Ormuz rouvert : Trump impose le tempo, l’Europe reléguée ?

Le détroit le plus stratégique du monde rouvre… mais la guerre d’influence continue en coulisses.
Entre démonstration de force américaine et hésitations européennes, l’équilibre reste fragile.
Une réouverture sous contrôle américain
L’annonce du ministre iranien des Affaires étrangères, Abbas Araghchi, est tombée comme un signal fort : le détroit d’Ormuz est de nouveau accessible aux navires commerciaux. Une décision stratégique sur cette voie maritime par laquelle transite près d’un tiers du pétrole mondial.
Dans la foulée, Donald Trump a salué une avancée majeure, évoquant un « jour brillant pour le monde » sur son réseau Truth Social. Résultat immédiat : le prix du baril de pétrole a chuté d’environ 10 %, preuve que les marchés restent suspendus aux décisions géopolitiques.
Mais derrière cette ouverture, Washington ne relâche pas la pression.
Le président américain a été clair : le blocus maritime visant l’Iran reste en vigueur tant qu’un accord global n’est pas signé.
Une stratégie assumée : ouvrir pour apaiser les marchés, mais maintenir l’étau pour forcer Téhéran à céder.
Plus encore, Donald Trump affirme que l’Iran serait prêt à ne plus jamais fermer le détroit, transformant ce levier stratégique en engagement diplomatique majeur.
Macron et les Européens tentent d’exister
Face à cette démonstration de puissance américaine, Emmanuel Macron tente de reprendre la main.
À l’issue d’une réunion réunissant 49 pays, le président français a annoncé la création d’une mission multinationale « neutre » destinée à sécuriser la navigation dans la zone.
Objectif affiché : garantir durablement la libre circulation maritime dans le détroit d’Ormuz.
Une dizaine de pays ont déjà manifesté leur intérêt, et une nouvelle réunion est prévue à Londres pour définir la planification militaire de cette future force.
Dans le même temps, le Premier ministre britannique Keir Starmer a confirmé l’implication de Londres, évoquant des patrouilles navales coordonnées pour dissuader toute nouvelle perturbation.
Mais cette initiative européenne arrive tard.
Très tard.
Donald Trump n’a pas hésité à balayer sèchement ces propositions, accusant ses alliés d’avoir été « inutiles » au moment critique.

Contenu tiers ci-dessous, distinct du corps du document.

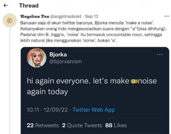
Figure 6. Indoglish a Noise

Bjorka, like most Indonesians, wrote "make a noise." The word "noise" is an uncountable noun, so it is more natural to use "some" instead of "a".
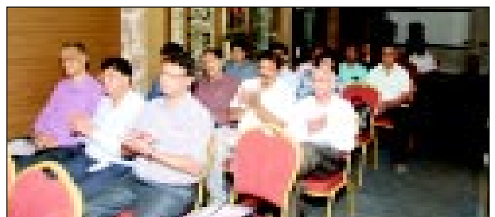
View of members during Seminar on "Provisions and Applicability of Cost Audit and Cost Compliance" jointly organized by WIRC & Kalyan-Ambarnath Chapter on 11th May 2013.
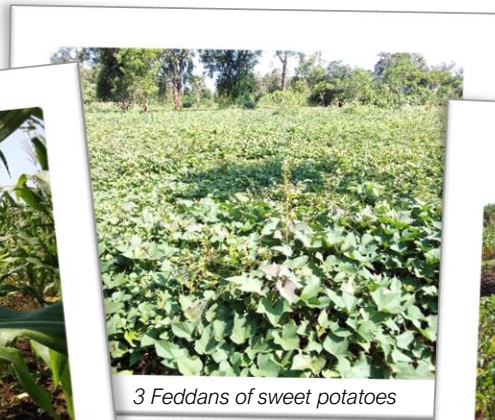
3 Feddans of sweet potatoes
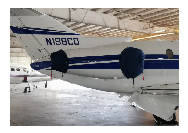
Hawker 750 Engine Covers
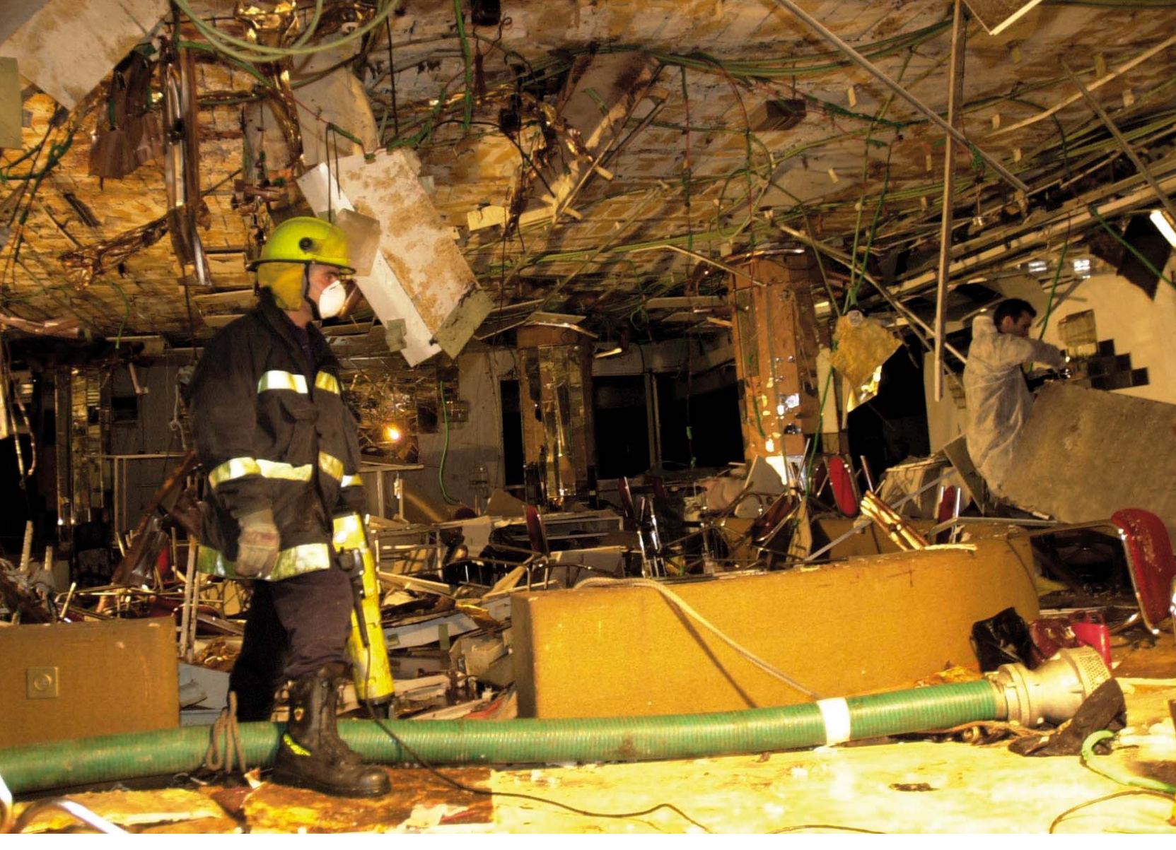
A hotel dining room in Netanya, Israel, where a Palestinian suicide bomber blew himself up among guests gathered for a Passover Seder on March 27, 2002, killing 30 Israelis and injuring 140.

But regional threats, most notably in the form of Iran and Islamic fundamentalism, still remain an area for cooperation between Israel and the moderate Arab states that is not directly related to progress in the Israeli-Palestinian conflict. This cooperation need not be in the public eye.
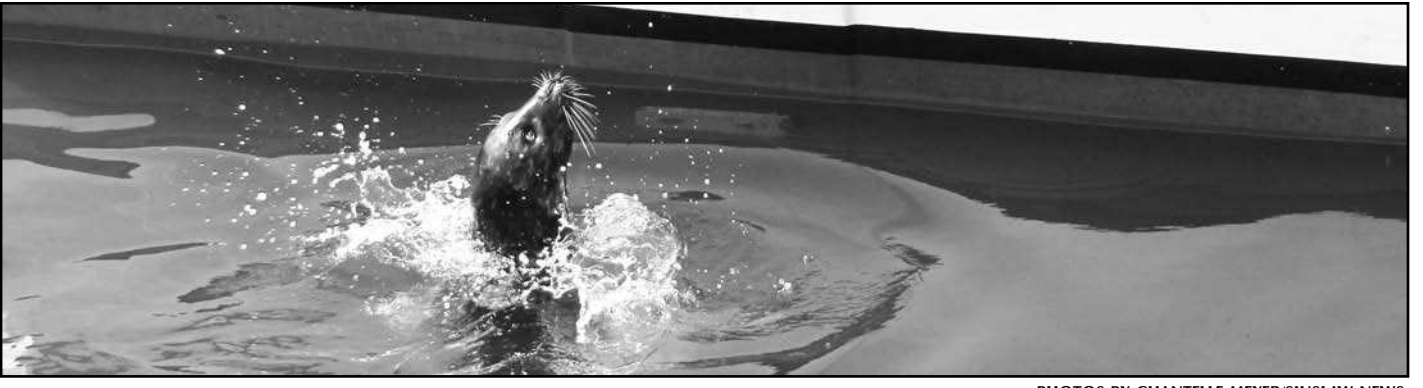
Three harbor seals followed fishing boats into the Port of Siuslaw docking area during Florence's annual Rods 'n' Rhodies on Saturday, Sept. 12. People visiting the car show or walking through the Boardwalk Market watched the seals play, splash, tease seagulls and swim past the boats.
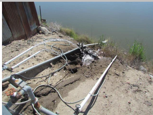
Looking east at irrigation system damaging waterside toe.
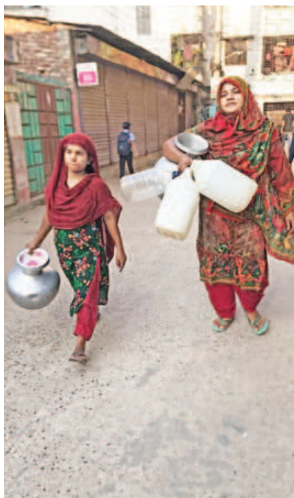
Crowds gather daily at mosques in Jurain to collect water for drinking, cooking, and washing as a Wasa pump failure has halted supply through its pipelines in several parts of the area for the past four days. The photos were taken recently.

"When the lines are empty for two or three days, it takes time for the pressure to build up. The connection work was completed on Tuesday night. Some improvement has already started – we are getting phone calls from people saying they're getting water, and we hope the problem will be completely resolved soon," he said.
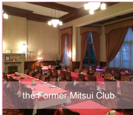
the Former Mitsui Club

Une humiliation diplomatique assumée, qui souligne une réalité : sur ce dossier stratégique, les États-Unis dictent le tempo, l’Europe suit.
Un cessez-le-feu fragile au Moyen-Orient
En parallèle, un cessez-le-feu est entré en vigueur au Liban après des affrontements intenses entre Israël et le Hezbollah.
Mais là encore, la prudence domine.
Le Hezbollah a prévenu : ses combattants restent prêts à reprendre les hostilités à la moindre violation.
Côté israélien, le ministre de la Défense, Israel Katz, a affirmé que l’opération militaire n’était « pas terminée », laissant planer le doute sur la solidité de la trêve.
Du côté iranien, le ton reste également ferme.
Le général Ali Abdollahi a averti que le maintien du blocus américain pourrait être considéré comme une violation du cessez-le-feu, ravivant immédiatement les tensions.
Autre élément clé : si les navires commerciaux sont autorisés à circuler, les navires militaires restent interdits dans le détroit, selon la télévision d’État iranienne.
Un détail loin d’être anodin.
Car il traduit une méfiance persistante et un équilibre extrêmement précaire.
Un équilibre mondial sous haute tension
Cette séquence révèle une réalité brutale : la stabilité du monde dépend encore de décisions prises dans l’urgence par quelques puissances.
Les États-Unis imposent leur stratégie, l’Iran teste ses marges de manœuvre, et l’Europe tente de s’organiser… souvent trop tard.
Dans ce contexte, le détroit d’Ormuz reste un baromètre géopolitique majeur.
Sa fermeture avait fait trembler les marchés.
Sa réouverture les rassure… temporairement.
Car, au-delà des annonces, une certitude demeure : tant qu’aucun accord écrit n’est signé, la crise peut repartir à tout moment.
Donald Trump l’a lui-même reconnu : il veut un accord formel, gravé noir sur blanc.
Un détail ?
Non. Une ligne rouge.
Et pendant que les diplomaties s’activent, une réalité s’impose : le monde reste suspendu à un équilibre fragile, où la force prime encore sur le consensus.